The brainchild of Rep. Michael Capuano (D-Mass.) and Sen. Robert Menendez (D-N.J.), the Shareholder Protection Act would require corporations to get approval from a majority of their shareholders every year in which they wish to speak out in a federal election. The Act even requires corporations to get shareholder approval before making contributions to industry trade associations that might eventually make political expenditures. Corporations that fail to get separate permission each year they spend money on their own electoral speech or donate to trade associations that might someday engage in electoral speech could be sued by shareholders for damages of three times the amount of their expenditures.
Already the Shareholder Protection Act has garnered praise from longtime proponents of campaign finance restrictions. And no, these groups haven’t taken up a sudden interest in the law of corporate governance. Corporations routinely fund charities, educational institutions, and civic causes of all sorts, but the “reformers” don’t care at all about ensuring shareholder approval for this spending. Indeed, under the Act, a corporation could spend an unlimited amount of money on all sorts of speech that its shareholders might hate, as long as none of that speech concerned federal candidates.
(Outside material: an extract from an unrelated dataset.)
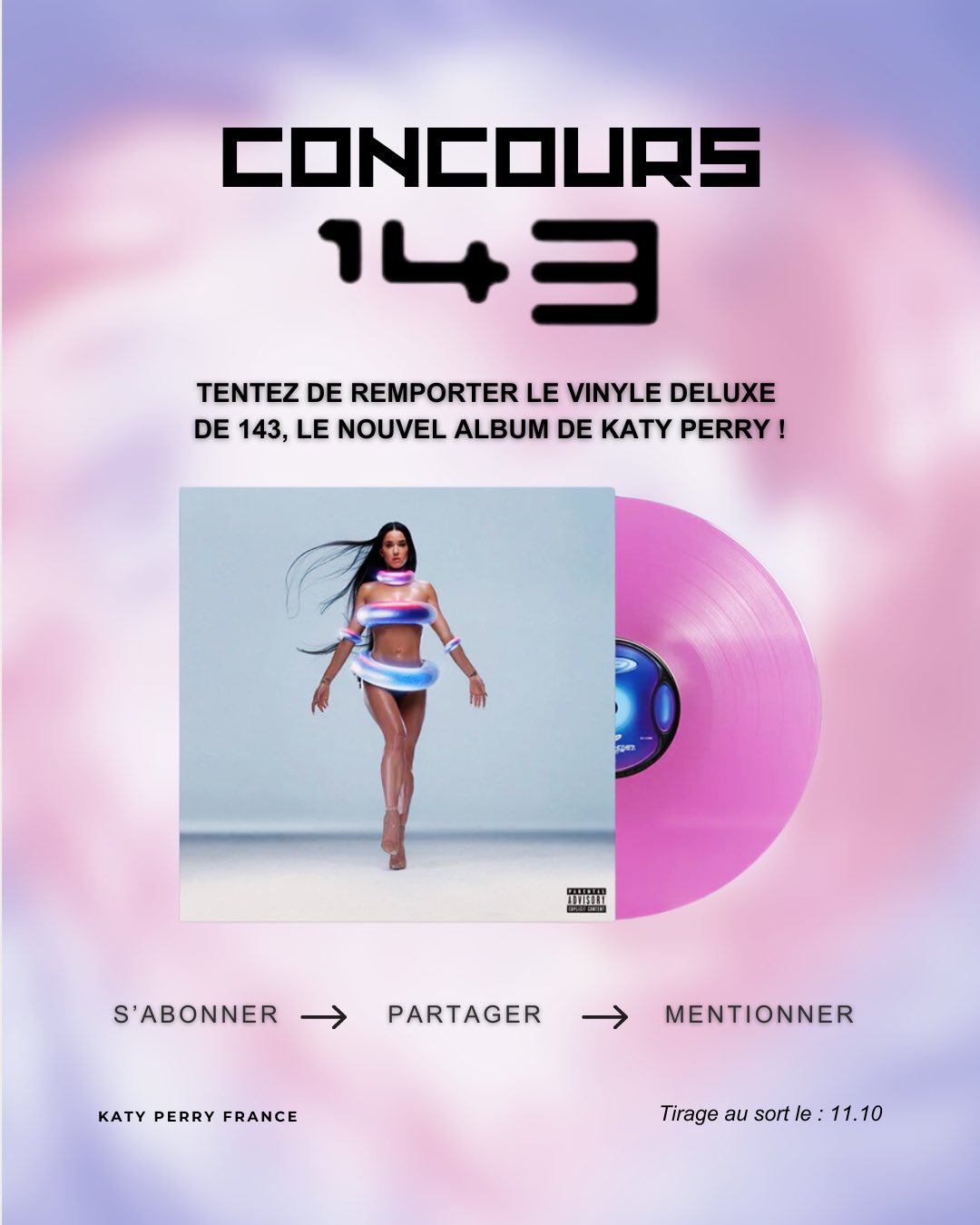 #CONCOURS Tentez de remporter le vinyle deluxe de 143 de @katyperry !✨ Pour participer : 🔁 RT ce tweet 👉🏻 FOLLOW @KatyPerryFrance 💬 Mentionne un.e ami.e avec #KatyPerry143FR ⚠️ Réservé à la France 🔔 TaS: le 11.10 à 19H

The goal of the Shareholder Protection Act is obvious. By singling out electoral speech—and only electoral speech—for more burdensome treatment, the Act attempts to do indirectly what the U.S. Supreme Court said in Citizens United v. FEC that Congress may not do directly: prevent corporations from speaking to voters about political candidates. And just like direct attempts to limit corporate speech, this indirect attempt violates the First Amendment.
The First Amendment commands that “Congress shall make no law . . . abridging the freedom of speech.” That command—written in terms of “speech,” not speakers—prohibits Congress from burdening speech from any source, including corporations. By requiring corporations to seek permission before they may speak about candidates, the Shareholder Protection Act functions as what courts call a “content-based prior restraint” on speech. In other words, it turns the First Amendment on its head by imposing special burdens on speech about a particular subject: the election or defeat of political candidates.
The Supreme Court has long taken a dim view of prior restraints, but it is particularly hostile to them in the political arena, where they are most dangerous. Calling shareholder meetings and tallying votes takes time—time that often isn’t available in the heat of an electoral race. Political elections are dynamic and unpredictable. As Justice John Marshall Harlan II once noted, “Timing is of the essence in politics. It is almost impossible to predict the political future; and when an event occurs, it is often necessary to have one’s voice heard promptly, if it is to be considered at all.”
Of course, ensuring that corporate speech doesn’t get considered is precisely the goal behind the Shareholder Protection Act. It is no coincidence that the bills’ 49 co-sponsors are all Democrats, or that the proposed restrictions do not apply to labor unions. Campaign finance laws have long been used as partisan tools to protect incumbent politicians from speech that threatens their reelection. The Shareholder Protection Act is just the latest example of this sort of political self-dealing.
Thankfully, the Supreme Court has caught on to this game, and its recent decisions in a series of campaign finance cases—most notably Citizens United—spell doom for the Shareholder Protection Act. The Court has slapped down the “reform” lobby five times in a row now. If the unconstitutional Shareholder Protection Act becomes law, you can bet that it will be number six.
Paul Sherman is an attorney at the Institute for Justice, which litigates First Amendment cases nationwide.